Как ни хорошо, как ни тепло было Брюллову в Москве, а надо было сбираться в Петербург. Он и так откладывал отъезд под всякими предлогами, сколько мог. Уже был заказан билет, уже шел у Маковских прощальный вечер. Кончился ужин, Варламов под гитару пропел для гостя несколько своих романсов. А Брюллов все сидит. Ему деликатно напомнили — пора идти, завтра чуть свет в путь. «Матушка А. Д. Соколовского, эта славная старушка, жаловалась мне сейчас, что с ней никто не хочет гулять. Я дал слово отправиться с ней на Воробьевы горы, и потому никак завтра не поеду», — отвечал друзьям художник, пренебрегши, что и деньги за билет пропали… Нужно сказать, что после смерти матери он вообще с какой-то особенной нежностью относился к старым женщинам. Приехав в столицу, он посреди торжеств, приемов, новых забот, невзирая на болезнь выберет время и навестит мать капитана Корнилова, передаст ей привет от сына, утешит, ободрит ее.

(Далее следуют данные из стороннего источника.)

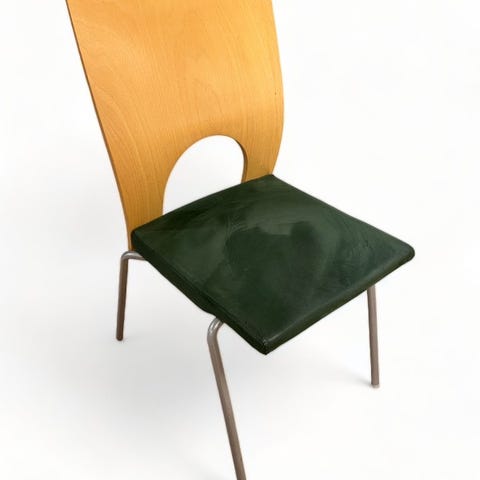Stolene er hele i trekket, men trenger en vask. Stolene i seg selv er i god stand. Stått på et regnskapskontor.

Петербург, особенно теперь, после всего, что он в Москве услыхал о нынешнем царствовании, пугал. Хорошо бы вообще остаться в кругу новых друзей, так ведь не дозволят. Вспоминались слова покойного Сильвестра Щедрина: «Неужели так худо в Петербурге, что некуда и главы преклонить?» Вспоминались письма Гальберга из столицы: «Бойтесь невской воды, она вредна для мрамора…» Петербург страшил всех. А. Иванов, задумываясь о возвращении на родину, говорил, что хотел бы поселиться в Москве «как для удобнейшего производства предметов из русской истории, так и для избежания санкт-петербургской Академии художеств, которая со всем причтом своим ужасает меня при одном воспоминании». Пушкин непрестанно твердил: «Петербург душен для поэта». А Гоголь, при всей страстной любви к России, боялся вообще возвращаться домой. «Ты приглашаешь меня ехать к вам. Для чего? Не для того ли, чтобы повторить вечную участь поэтов на родине?.. Или ты думаешь, мне ничего, что мои друзья, что вы отделены от меня горами? Или я не люблю нашей неизмеримой, нашей родной русской земли?.. Я живу около года на чужой земле, вижу прекрасные небеса, мир, богатый искусствами и человеком. Но разве перо мое принялось описывать предметы, могущие поразить всякого? Ни одной строки не мог посвятить я чуждому, непреодолимою связью прикован я к своему. И наш бедный неяркий мир, наши курные избы, обнаженные пространства предпочел я лучшим небесам, приветливее глядевшим на меня. И я ли после этого могу не любить своей отчизны? Но ехать, выносить надменную гордость безмозглого класса людей, которые будут передо мной дуться и даже мне пакостить, нет, слуга покорный», — напишет он вскоре Погодину.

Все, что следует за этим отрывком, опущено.